To ease our registration process and for faster finer registration convergence rate, intervertebral length metric-based registration was performed in the S-D direction. Since, in the S-D direction, the cost function was sensitive to the magnification factor, we can bypass manual search to improve the speed of computation. Moreover, feature-based localization in the S-D direction like ours beats the major issue of intensity-based out-of-plane translational parameter registration [25].

Across all the experiments on the studied datasets, on repeatedly performing finer registration about the initial localization, all the estimated final transformation parameters did not get deviated substantially about their mean values. This signifies that the framework is efficient enough for pose reproducibility. This was possible because in its first generation the CMAES optimizer successfully managed to sink all the transformation parameters within a narrow basin. The localization in dataset 2 took higher number of evaluations to depreciate the mPDE value due to the increased degree of noncollinearity between the three vertebral levels and initialization to lower magnification factor. Additionally, in the inter-imaging environmental conditions, variable out-of-plane rotations among different vertebral levels resulted in lower registration accuracy.

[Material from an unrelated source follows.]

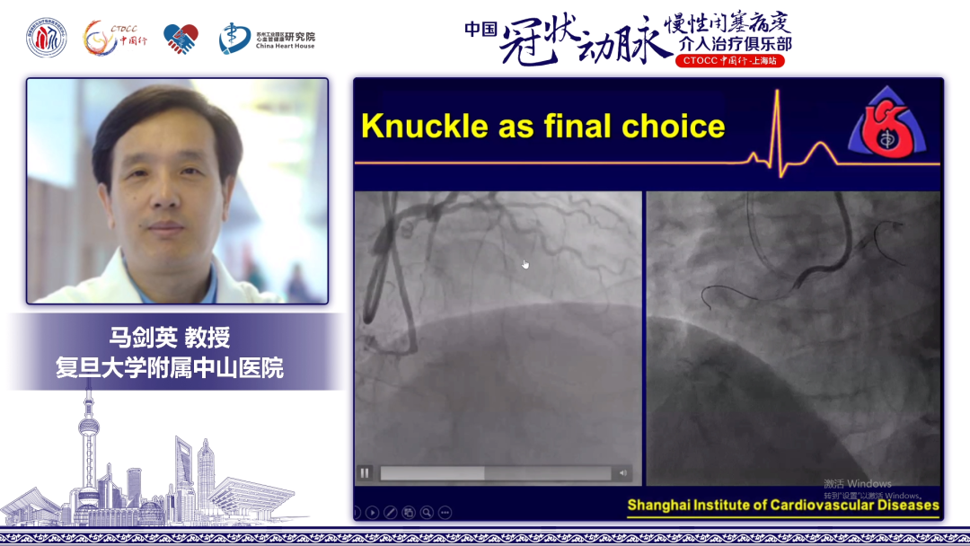 马剑英教授结合病例分享了Knuckle导丝技术在CTO中应用及技巧。Knuckle导丝适用于三种情况:分支较多时;支架释放后尚未后扩张,导丝不小心带出时;CTO病变开通,尤其是支架内闭塞时。Knuckle导丝如何构建和操作:导丝Knuckle必须在通过病变后进行;导丝末端塑形尽可能大;快速前送并旋转;一旦遭遇阻力前端便可卷曲;如微导管辅助,可将导丝直接塑形成U形弯。

The out-of-plane transformation parameters can be estimated more accurately by considering multiple landmarks from the individual vertebrae and their 3D-2D plane landmark correspondence knowledge. On final registration, we generated visually optimal projection images at minimum projection distance error. These projection images visually differ from real X-ray images due to the rigid registration practice of all three levels. However, the optimality of projection images can be further enhanced by registering the individual vertebral levels which are subjected to variable degrees of inter-imaging environmental deformations. Registration accuracy may differ by a length of fewer than 2 mm due to landmark marking variations in both 3D and 2D planes. Furthermore, automatic centroid localization in pCT and X-ray image may reduce the manual interventions.

8 Conclusion

The difficulty of vertebral centroid identification and its pose estimation in low-contrast anterior-posterior view X-ray fluoroscopy images was overcome through the process known as preoperative CT to intraoperative X-ray image registration. The PSNR-based similarity metric provided a better initial localization point considering unprocessed data. The ICP-based finer 3D-2D registration facilitated bypassing the computation-intensive DRR generation during the optimization stage, permitting our framework’s applicability in the intraoperative applications. The designed framework accurately registered vertebral levels in the intraoperative application with an average mPDE of 0.36mm within a mean time of fewer than 2 min. The PDE measurement and speed of computation in our process of vertebral level identification and pose estimation were well within the clinical acceptance range. The designed framework could be extended to investigate spinal deformation between preoperative and intraoperative images through individual vertebral registration. Though the framework was truly designed for identifying and localizing vertebral centroids in intraoperative images, it can also be extended to estimate various anatomical poses between preoperative and intraoperative imaging environments.